Principle component analysis of samples by sex or strain. PC1 and PC2 explain 33% of the total variance in the dataset. Sample identification by sex shows that male and female samples segregate, with the exception of a single female sample. Sample identification by strain shows that the AB strain clearly segregates from the TU and WIK strains.

Lipid transport mRNA transcripts differ between sexes in multiple strains

Genes involved in lipid transport are significantly enriched in differentially expressed mRNA transcripts between males and females in both AB and WIK. Among these are members of the vitellogenin (vtg1-7), retinol binding protein (rbp2a and rbp5), and solute carrier (slc27a6 and slc25a48) families, as well as a transmembrane trafficking protein (tmed1a), a kainite glutamate receptor (grik1a), and an estrogen receptor (esr1).
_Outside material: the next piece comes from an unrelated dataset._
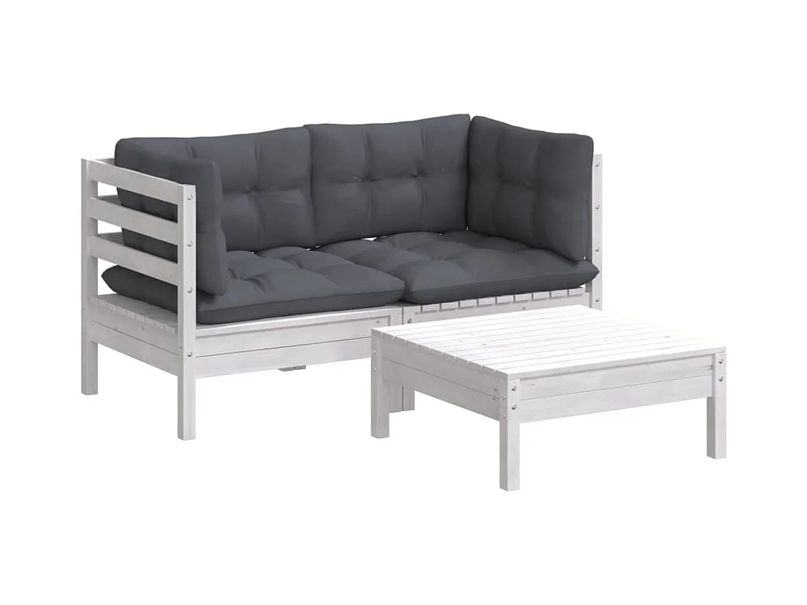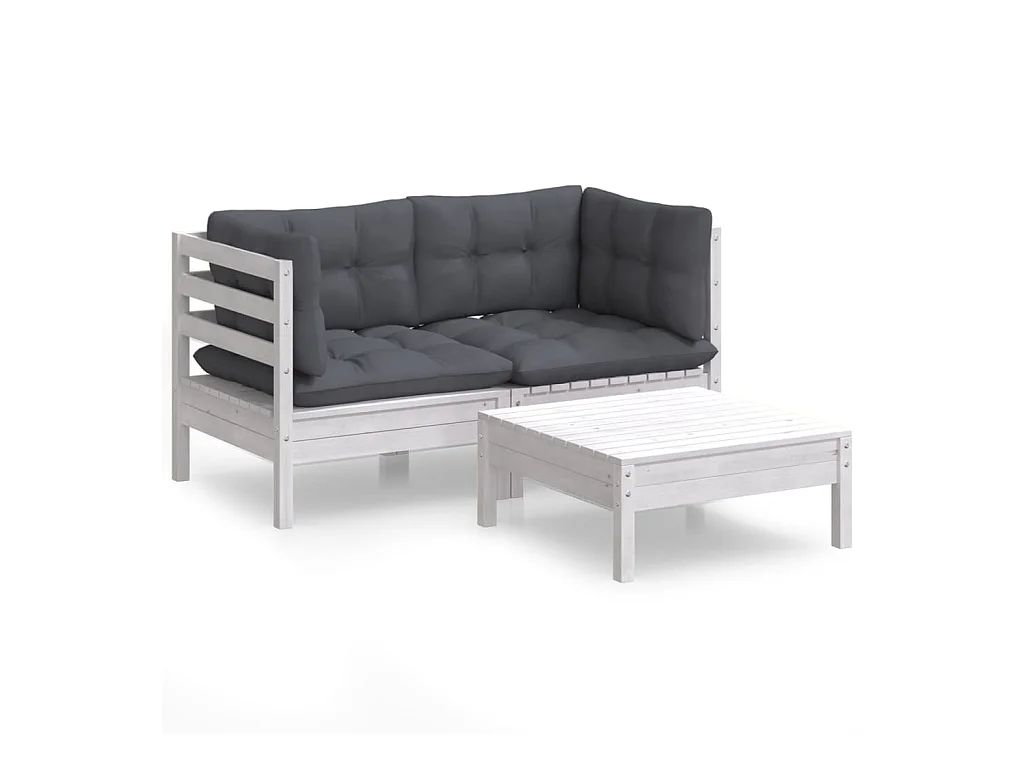 3-delige Loungeset met antracietkleurige kussens grenenhout
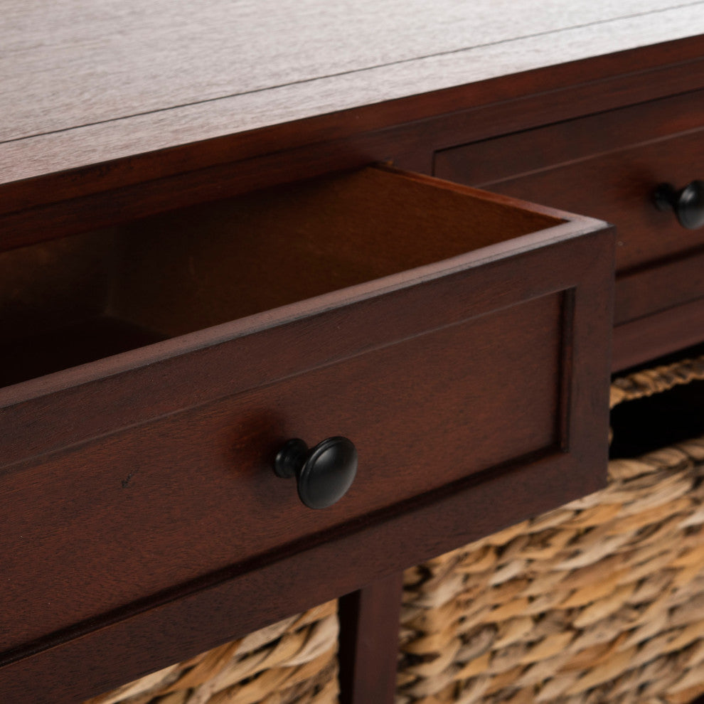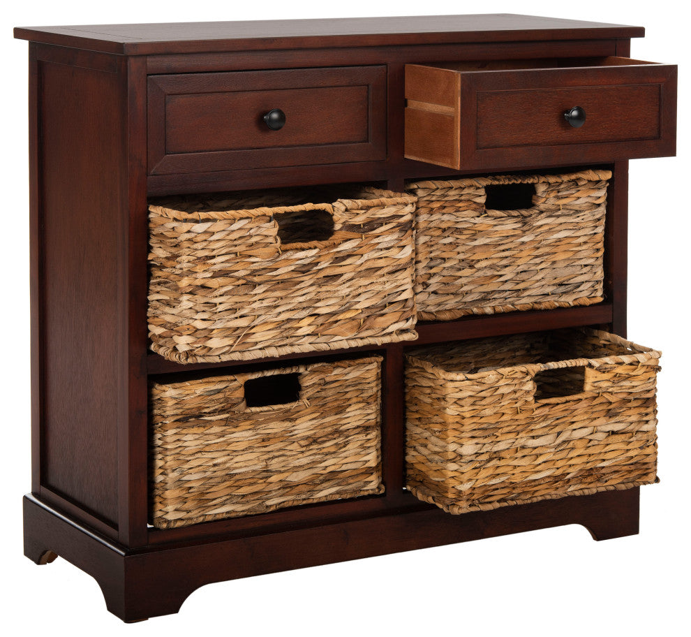 Country charm with an easygoing twist characterizes the Herman storage unit. With its four removable woven rattan baskets with cutout handles and two top drawers for additional storage, finding what you need has never been easier. Herman is crafted of pine with dark cherry finish.Care Instructions: Wood is a natural material with variations of color shade, configuration, streaks, and grain structure. Each individual piece of Safavieh furniture has characteristic markings that will differ from photo and showroom samples. Regular attention and maintenance of fine furniture can ensure its beauty for years to come. Always use felt pads under all articles to prevent discoloration or softening of the lacquer. Plastic and rubber bases on items can discolor wood.Item Dimensions: 29.9" W x 13" D x 27.6"H

It is important to accurately characterize these differences between strains because lipid transport is critical in chemical messaging, energy storage, temperature maintenance, and formation of membranes, cholesterol and prostaglandins. Furthermore, vitellogenin is a common marker for endocrine disruption in teleosts; any variation between expression in this endpoint may drastically affect interpretation of pharmacological endpoints including estrogenic activity of xenobiotics.

Circadian rhythm affects mRNA expression in males more than females

Circadian regulation in the zebrafish is directed by light- or dark-induced gene expression in the pineal gland21. Although our study design did not control for time of day (AB livers were collected in the morning, while TU and WIK livers were collected in the afternoon), there are only a small number of genes with circadian rhythm annotations in this dataset. Specifically, we identified 295 annotations to 67 genes by searching AmiGO222 annotations for any term including the word “circadian” within zebrafish annotations. In the male dataset there are 6 genes that annotate to circadian rhythm: arntl1a, bhlhe40, cry5, nfil3-5, nfil3-6, and nr1d2a. In the female dataset there are only two genes that annotate to circadian rhythm: arntl1a and cry5.

To expand our analysis of potential circadian effects on our dataset, we queried circadian rhythm genes annotated in all organisms within AmiGO2. This expanded our list of potential circadian rhythm genes to 2194, but led to no additional genes for the male dataset, and added only one gene, F7, to the list of genes present in female dataset that are known to be influenced by circadian rhythm. F7 has been observed to be regulated by circadian rhythm in the Norway rat23 and C57BL/6J mouse24, but a similar regulation has yet to be identified in zebrafish. Using a comparable approach, we queried a circadian rhythm RNA-seq dataset in mouse that assessed gene expression in multiple tissues across time25. We found 9 genes—bhlhe41, ptgr1, dnaja4, fads2, fkbp5, lmbr1l, nedd41, slc38a4, and stk35—in the mouse circadian rhythm dataset, but as-of-yet there is no clear evidence of oscillation in the expression of these genes in the liver of zebrafish. Again in this vein of inquiry, we queried the circadian expression profiles data base (circaDB)26 against 4 mouse liver microarray studies and found 82 genes that overlap our dataset and have evidence of circadian regulation (Supplementary Dataset 7).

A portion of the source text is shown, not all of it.